Big Data

Enable cost-efficient operational analytics with Amazon OpenSearch Ingestion


As the scale and complexity of microservices and distributed applications continues to expand, customers are seeking guidance for building cost-efficient infrastructure supporting operational analytics use cases. Operational analytics is a popular use case with Amazon OpenSearch Service. A few of the defining characteristics of these use cases are ingesting a high volume of time series data and a relatively low volume of querying, alerting, and running analytics on ingested data for real-time insights. Although OpenSearch Service is capable of ingesting petabytes of data across storage tiers, you still have to provision capacity to migrate between hot and warm tiers. This adds to the cost of provisioned OpenSearch Service domains.

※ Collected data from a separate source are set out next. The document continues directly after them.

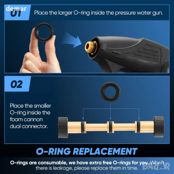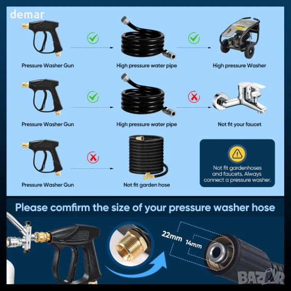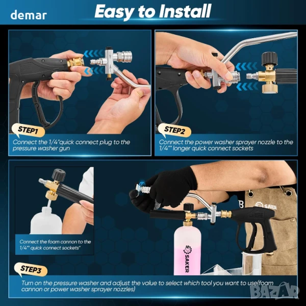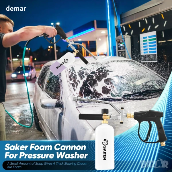 Този пистолет за пяна е проектиран изключително за употреба с водоструйки (не градински маркучи) и е съвместим с фитинги M22-14 мм с максимално налягане от 4000 PSI. Той разполага със система за двойно свързване, позволяваща бързо превключване между пяна и водна струя, плюс регулируем диск за контрол на концентрацията на пяна за различни задачи. Изработен от издръжлива мед, неръждаема стомана и пластмаса, той е подходящ за почистване на автомобили, прозорци, стени и външни повърхности. Комплектът включва пистолет за пръскане, бутилка за препарат, пистолет за водоструйка и пет дюзи (0°–65°) за различни модели на пръскане, всички съвместими с бързосъединителна тръба. Включени са и резервни О-пръстени за поддръжка.
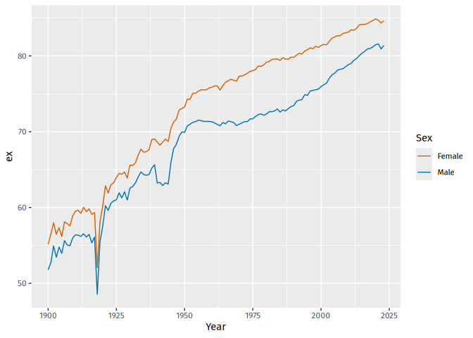#>     Year   Age Sex        mx      qx    lx      dx    Lx    Tx    ex    rx    nx
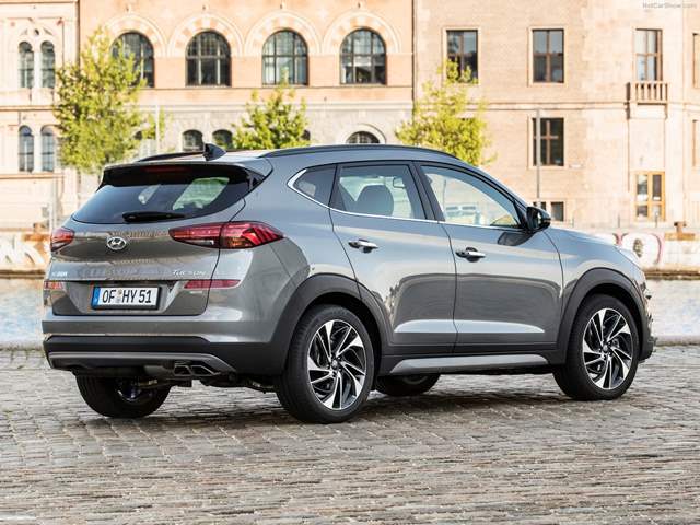 يمكن ملاحظة اللمسات الجديدة على مقدمة السيارة، حيث تتميز الآن بشبكة واسعة تقطعها أربعة خطوط أفقية لامعة تحيطها عينان جديدتان تعملان بتقنية LED مع مصابيح نهارية تعزز الطابع الرياضي لتوسان، بينما أعيد تصميم المصد الأمامي ليمنح السيارة مظهرًا ديناميكيًا، أما في الخلف فتبدو واضحة الخطوط الحادة في الباب الخلفي الجديد وتصميم المصد الخلفي المحدث، وتتوفر عجلات بمقاسات 16 و17 و18 و19 بوصة..

The time series data often contains logs or telemetry data from various sources with different values and needs. That is, logs from some sources need to be available in a hot storage tier longer, whereas logs from other sources can tolerate a delay in querying and other requirements. Until now, customers were building external ingestion systems with the Amazon Kinesis family of services, Amazon Simple Queue Service (Amazon SQS), AWS Lambda, custom code, and other similar solutions. Although these solutions enable ingestion of operational data with various requirements, they add to the cost of ingestion.

In general, operational analytics workloads use anomaly detection to aid domain operations. This assumes that the data is already present in OpenSearch Service and the cost of ingestion is already borne.

With the addition of a few recent features of Amazon OpenSearch Ingestion, a fully managed serverless pipeline for OpenSearch Service, you can effectively address each of these cost points and build a cost-effective solution. In this post, we outline a solution that does the following:

  • Uses conditional routing of Amazon OpenSearch Ingestion to separate logs with specific attributes and store those, for example, in Amazon OpenSearch Service and archive all events in Amazon S3 to query with Amazon Athena
  • Uses in-stream anomaly detection with OpenSearch Ingestion, thereby removing the cost associated with compute needed for anomaly detection after ingestion

In this post, we use a VPC flow logs use case to demonstrate the solution. The solution and pattern presented in this post is equally applicable to larger operational analytics and observability use cases.

Solution overview

We use VPC flow logs to capture IP traffic and trigger processing notifications to the OpenSearch Ingestion pipeline. The pipeline filters the data, routes the data, and detects anomalies. The raw data will be stored in Amazon S3 for archival purposes, then the pipeline will detect anomalies in the data in near-real time using the Random Cut Forest (RCF) algorithm and send those data records to OpenSearch Service. The raw data stored in Amazon S3 can be inexpensively retained for an extended period of time using tiered storage and queried using the Athena query engine, and also visualized using Amazon QuickSight or other data visualization services. Although this walkthrough uses VPC flow log data, the same pattern applies for use with AWS CloudTrail, Amazon CloudWatch, any log files as well as any OpenTelemetry events, and custom producers.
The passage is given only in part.